Start of RECORDS FOR THIS EXERCISE

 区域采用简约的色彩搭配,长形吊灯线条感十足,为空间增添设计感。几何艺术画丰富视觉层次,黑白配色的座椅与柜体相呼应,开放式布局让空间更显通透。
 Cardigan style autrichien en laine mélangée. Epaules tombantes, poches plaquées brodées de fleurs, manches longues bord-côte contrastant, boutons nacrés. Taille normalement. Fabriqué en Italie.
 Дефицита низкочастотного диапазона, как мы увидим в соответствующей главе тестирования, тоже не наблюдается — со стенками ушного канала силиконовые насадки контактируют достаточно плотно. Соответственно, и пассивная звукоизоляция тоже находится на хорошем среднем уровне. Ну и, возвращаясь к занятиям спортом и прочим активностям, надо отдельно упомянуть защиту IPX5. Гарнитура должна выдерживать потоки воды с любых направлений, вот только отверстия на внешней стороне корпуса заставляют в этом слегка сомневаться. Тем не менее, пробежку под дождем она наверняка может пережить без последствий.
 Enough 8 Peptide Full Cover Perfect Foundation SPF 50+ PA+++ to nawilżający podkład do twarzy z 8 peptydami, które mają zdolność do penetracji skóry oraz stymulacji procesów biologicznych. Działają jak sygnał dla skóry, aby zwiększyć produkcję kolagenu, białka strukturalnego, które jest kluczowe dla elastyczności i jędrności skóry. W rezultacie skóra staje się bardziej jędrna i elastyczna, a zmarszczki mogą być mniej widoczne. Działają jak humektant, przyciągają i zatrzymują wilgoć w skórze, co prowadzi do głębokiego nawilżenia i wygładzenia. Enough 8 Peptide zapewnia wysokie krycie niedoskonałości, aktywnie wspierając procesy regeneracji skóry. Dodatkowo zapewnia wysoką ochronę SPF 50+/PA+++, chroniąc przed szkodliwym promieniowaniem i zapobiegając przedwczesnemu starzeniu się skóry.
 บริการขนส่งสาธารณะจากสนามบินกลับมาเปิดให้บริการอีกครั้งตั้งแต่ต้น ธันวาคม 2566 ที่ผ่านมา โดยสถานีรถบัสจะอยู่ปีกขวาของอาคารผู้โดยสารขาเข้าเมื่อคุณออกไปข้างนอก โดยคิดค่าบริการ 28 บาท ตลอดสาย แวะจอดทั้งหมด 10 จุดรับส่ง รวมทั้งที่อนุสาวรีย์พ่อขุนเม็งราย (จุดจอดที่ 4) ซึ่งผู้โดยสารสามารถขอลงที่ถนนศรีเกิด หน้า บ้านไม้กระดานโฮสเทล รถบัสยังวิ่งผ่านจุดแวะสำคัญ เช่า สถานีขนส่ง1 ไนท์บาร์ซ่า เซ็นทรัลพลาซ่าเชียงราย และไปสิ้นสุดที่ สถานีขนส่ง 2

End of RECORDS FOR THIS EXERCISE

◆ WHAT NEEDS TO BE DONE ◆
Which lines above run from the one containing "Дефицита низкочастотного диапазона, как" to the one containing "Enough 8 Peptide Full"? Give them again exactly, both ends included.

◆ RESULT OF THIS EXERCISE ◆
 Дефицита низкочастотного диапазона, как мы увидим в соответствующей главе тестирования, тоже не наблюдается — со стенками ушного канала силиконовые насадки контактируют достаточно плотно. Соответственно, и пассивная звукоизоляция тоже находится на хорошем среднем уровне. Ну и, возвращаясь к занятиям спортом и прочим активностям, надо отдельно упомянуть защиту IPX5. Гарнитура должна выдерживать потоки воды с любых направлений, вот только отверстия на внешней стороне корпуса заставляют в этом слегка сомневаться. Тем не менее, пробежку под дождем она наверняка может пережить без последствий.
 Enough 8 Peptide Full Cover Perfect Foundation SPF 50+ PA+++ to nawilżający podkład do twarzy z 8 peptydami, które mają zdolność do penetracji skóry oraz stymulacji procesów biologicznych. Działają jak sygnał dla skóry, aby zwiększyć produkcję kolagenu, białka strukturalnego, które jest kluczowe dla elastyczności i jędrności skóry. W rezultacie skóra staje się bardziej jędrna i elastyczna, a zmarszczki mogą być mniej widoczne. Działają jak humektant, przyciągają i zatrzymują wilgoć w skórze, co prowadzi do głębokiego nawilżenia i wygładzenia. Enough 8 Peptide zapewnia wysokie krycie niedoskonałości, aktywnie wspierając procesy regeneracji skóry. Dodatkowo zapewnia wysoką ochronę SPF 50+/PA+++, chroniąc przed szkodliwym promieniowaniem i zapobiegając przedwczesnemu starzeniu się skóry.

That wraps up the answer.